The preponderance of snacky, meaty, beer-friendly foods is practically a given, so maybe that’s how I got snookered by the Scotch egg. Had I read the menu more carefully, I might at least have been prepared for it. Served atop a pile of tired-looking mixed greens, the egg so dwarfed conventional ones that my sidekick wondered aloud what animal could have laid one so large. Another surprise was in store when we realized that the menu’s mysterious mention of “lentil falafel” referred to the pasty, sausageless mantle that encircled the egg. Lacto-ovo-vegetarian beer drinkers deserve Scotch eggs too, I suppose.

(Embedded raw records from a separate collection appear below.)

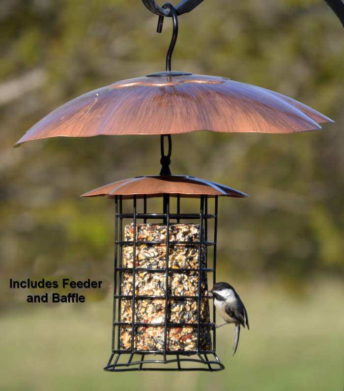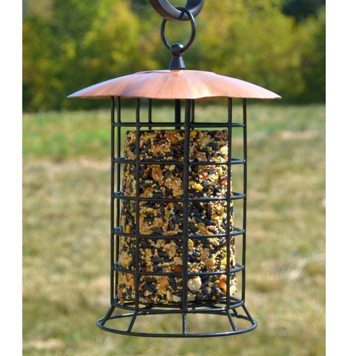 Our Songbird Copper Roof Suet Log Feeder's wire cage allows for multiple birds to feed at the same time. Ready to hang, easy to fill and clean. Weather durable metal construction with black vinyl coated cage. Roof has a brushed copper finish. Meaures 8" x 8" x 12". Perfect for using with standard size suet and seed logs. The Songbird Copper Roof Suet Log Feeder is a must have for attracting suet loving backyard birds including woodpeckers, nuthatches, chickadees, titmice and others.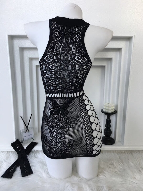 Step into edgy elegance with this Y2K-inspired look. The suspender red dress features lace trim and black lace-up strings, layered over a Butterfly hollow-out mesh dress with arm sleeves for a touch of ethereal charm. A Gothic punk spiked headband and Punk ring chain choker add rebellious flair, while Floral lace suspender stockings complete the ensemble with romantic allure. This outfit is perfect for those who blend softness with strength, creating a style that*s both bold and timeless.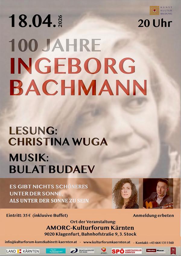 An diesem Abend werden die tiefen, sinnhaften Texte Ingeborg Bachmanns gelesen von der Schauspielerin Christina Wuga, dazu gibt es eine musikalische Umrahmung mit verschiedener Musik vom Gitarristen Bulat Budaev.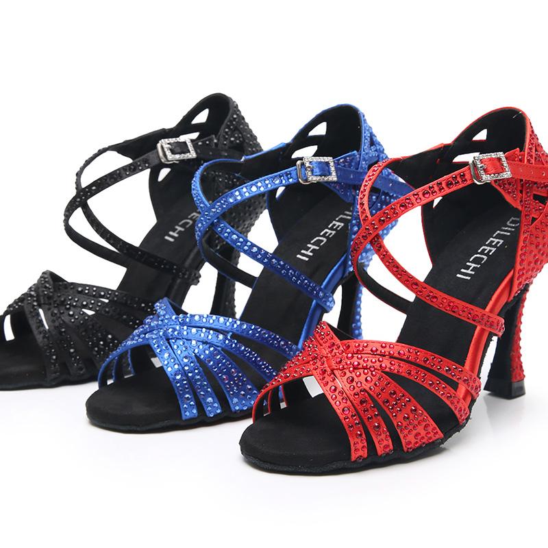Women's Blue Customized Heel Strappy Dance Shoes With Crystals
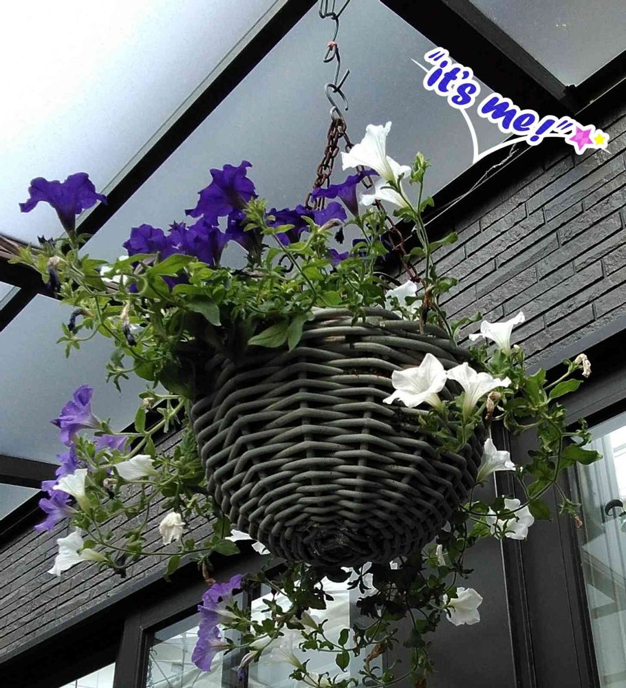 ステキなハンギングバスケットに枝垂れして咲くペチュニアさん素敵ですね〜✨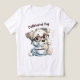 Um cachorrinho fofo com olhos grandes e curiosos sentados ao lado de uma xícara de café a vapor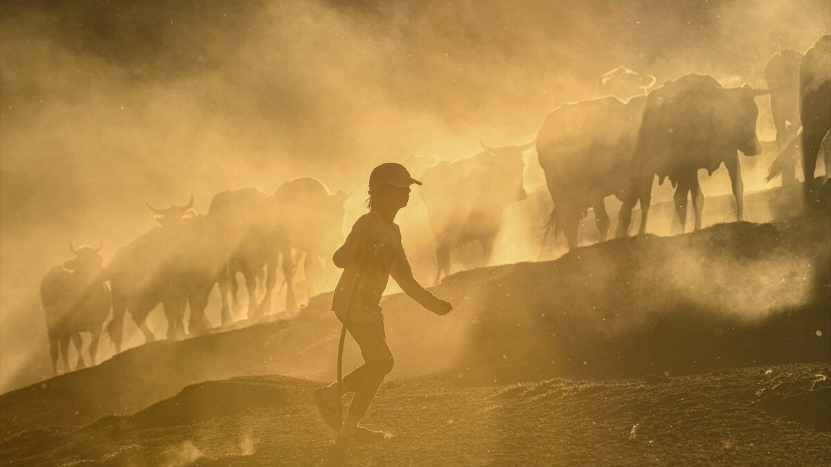 Vadide ilerleyen sürüler, yaklaşık 5 kilometrelik yolculuk sırasında yoğun bir toz bulutu oluşturuyor.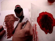 "Black Swan in English Roses" is the darker cousin to the brighter "Australian Roses" as it has a pure prime red for its core color and typically creates a WWI poppy symbol when blotted upon absorbent paper (as is demonstrated in several photos of this ink). Again, designed with the Noodlers flex pen in mind for maximal shading and highlighting results which can vary upon different types of paper (conventional non-coated papers are always best). For use as either that distinctive note and signature or shaded sketch art creations it is an ink filled with emotion as well as explained in the video made describing its properties, the label art, and how it unavoidably makes that long known memorial symbol of the first modern global conflict.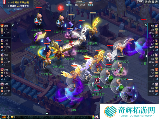 比如,沂水雪山服务器的【十面埋伏】战队就对“双女儿”阵容有着极深的理解。他们在输出门派上选择了“双九黎”、“九黎女魃墓”、“花果九黎”和“花果女魃”等体系,多样化的输出体系使其在面对不同对手时可以灵活调配,这也是其在首日拿下三连胜的秘籍!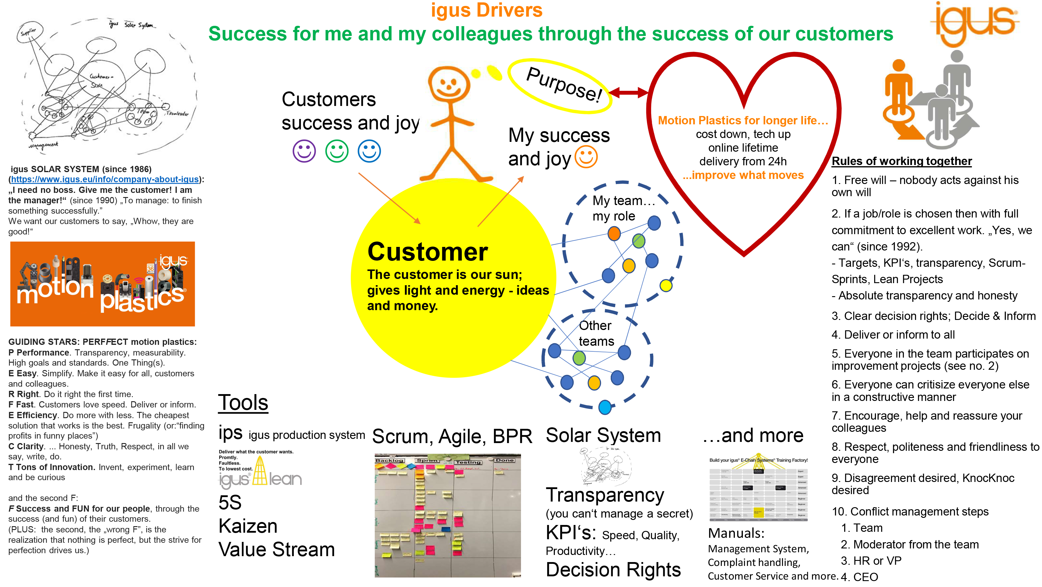 Os condutores da igus mostram em uma página o que precisamos como orientação e ferramentas para o nosso trabalho. Além do sistema solar, os condutores contêm a estrela-guia "Perffect" para nossos clientes, bem como regras para a cooperação interna. Nosso objetivo final: o sucesso de nossos colegas por meio do sucesso de nossos clientes!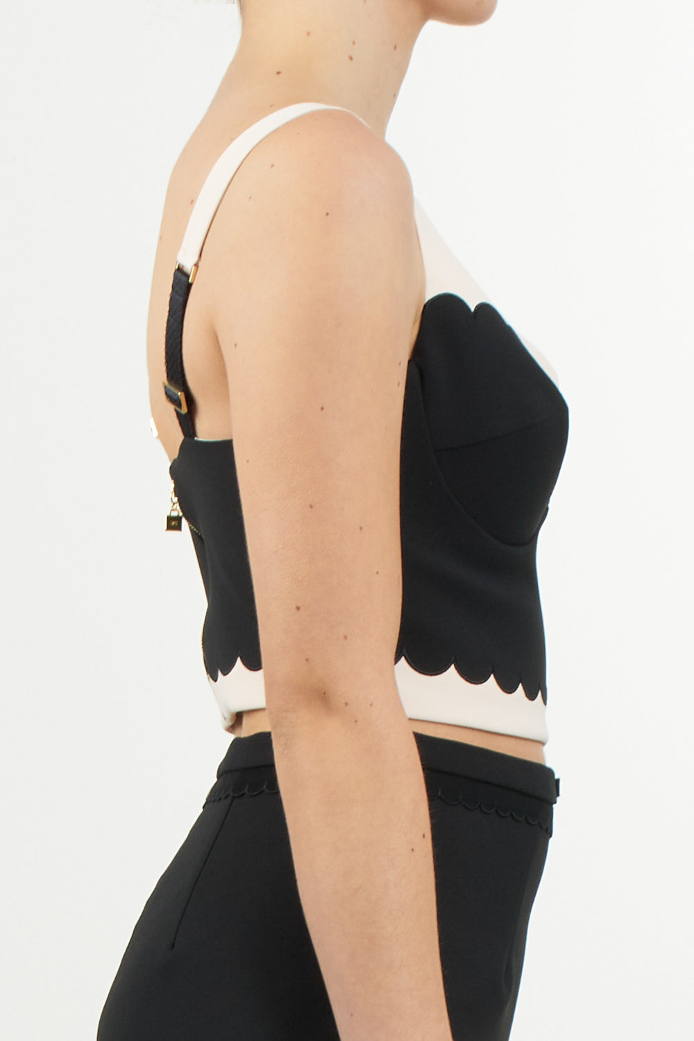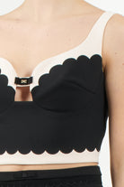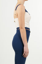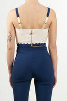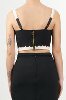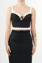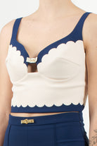 Elegant top in double stretch crepe, featuring a refined embroidered scalloped edge. The model features thin adjustable straps and a tight fit, offering a sophisticated and feminine look.

These low flavor profiles might come about because the Breakroom’s beers themselves aren’t terribly distinctive. The selection changed frequently over the course of my visits, which bodes well for its freshness. But while much mention is made of International Bittering Units and the varieties of hops used from beer to beer (Breakroom does seem to be in thrall to hopheads), they’re food friendly but forgettable. The most distinctive variety, a Berlin-style weiss sour, has so little depth it’s better ordered with one of the optional fruit syrups on hand. Fortunately the beers are served in five- as well as 13-ounce portions, which allows for a quick change of direction if a poor choice is made.